Nevertheless, per-class evaluation reveals minor performance gaps on several individual categories. Our method obtains 83.9% IoU on airplane, slightly lower than DGCNN (84.0%), since graph convolutions better capture long-range structural dependencies between wings and tails. AFE-PointNet achieves 85.6% on cap, which is inferior to SO-Net (88.0%) due to limited training samples and severe intra-class shape variations. It obtains 91.2% on guitar, comparable to PointNet (91.5%), owing to its simple and regular topology. For lamp, our IoU of 84.2% is marginally lower than PCNN (85.0%), as dense convolutions are more adept at modeling delicate and sparse structures. The pistol result of 82.7% is comparable to SpiderCNN and slightly weaker than PCNN (83.3%). For the slender rocket, our 62.7% IoU lags behind DGCNN (63.5%), as dynamic graph learning favors elongated shapes. In addition, our 76.2% accuracy on skateboard is close to PointNet++ (76.4%), indicating that ultra-thin structures remain a common challenge for existing point cloud segmentation methods.

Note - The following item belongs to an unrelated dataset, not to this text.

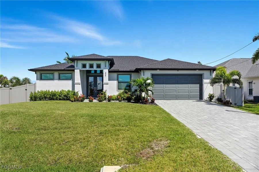 Skip the wait, stress, and hidden costs of building new-this exquisite pool home, completed just 10 months ago, is move-in ready and already includes features most new construction lacks: a privacy fence, whole-house reverse osmosis system, custom closet shelving, and a state-of-the-art security system. Set high and dry (not in a flood zone) on the shores of an intersecting freshwater canal, the property offers sweeping water views, a front-row seat to Florida's abundant wildlife, and outstanding fishing right from your own backyard. Lush tropical landscaping, impeccable curb appeal, and a pavered driveway welcome you to this peaceful and serene retreat. Inside, modern tile floors flow seamlessly throughout the split, open-concept plan. The foyer opens to a light-filled den/office through elegant double doors, ideal for working from home or a flexible guest space. The luxurious master su...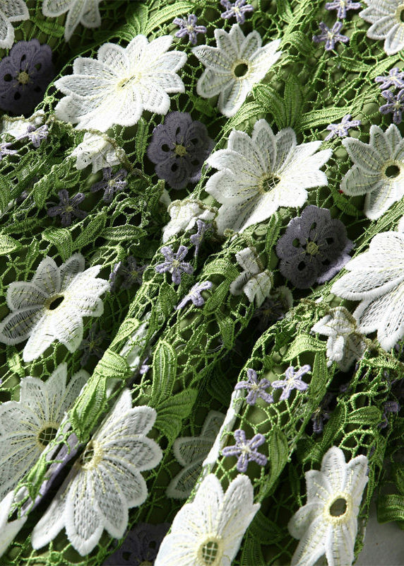Art Green V Neck Floral Embroideried Lace Dress Half Sleeve

Figure 9 compares the training mIoU curves of PointNet++ and the proposed AFE-PointNet on the ShapeNetPart dataset, including instance average mIoU and class average mIoU as training progresses. From the overall trend, both models exhibit an overall upward trend, with mIoU increasing from approximately 0.74 to higher values. However, substantial differences are observed in convergence speed, data completeness, and final performance. In terms of convergence behavior, PointNet++ shows relatively slow and uneven progress, with its instance mIoU reaching approximately 0.93 by epoch 100. Notably, the training data for PointNet++ contain numerous missing entries across multiple categories (e.g., bag, cap, car, etc.), indicating potential instability or incomplete recording during training. In contrast, AFE-PointNet demonstrates smooth and consistent convergence throughout the entire training process. Its instance mIoU rises steadily from 0.74 to 0.95 by epoch 120, with complete and clean data across all categories, demonstrating significantly improved convergence efficiency and training stability. Regarding final performance, AFE-PointNet achieves an instance mIoU of 0.95 and a class mIoU of 0.95 by epoch 120, outperforming PointNet++ (approximately 0.93). The smooth and complete training curves of AFE-PointNet indicate that the proposed adaptive feature enhancement module effectively accelerates learning, ensures training stability, and achieves superior segmentation accuracy.

5. Conclusions

To address the common problems of existing point cloud classification and segmentation methods, such as insufficient local geometric feature extraction, low computational efficiency, and weak robustness to noise and density-uneven data in real scenes, this paper proposes a lightweight point cloud network based on adaptive feature enhancement, named AFE-PointNet. Using PointNet++ as the baseline architecture, the network is improved from three dimensions: feature enhancement, efficient modeling, and computational optimization. First, an element-wise weighted set abstraction module based on the Hadamard product is designed. Through relative coordinate normalization, channel-wise adaptive weighting, and local topology information fusion, precise enhancement of key geometric features is achieved. Second, an inverted residual MLP module is introduced, adopting an inverted bottleneck structure and residual connections to achieve efficient deep feature mining under lightweight constraints. Finally, the Faster FPS fast downsampling strategy is employed, significantly reducing computational cost while ensuring sampling uniformity.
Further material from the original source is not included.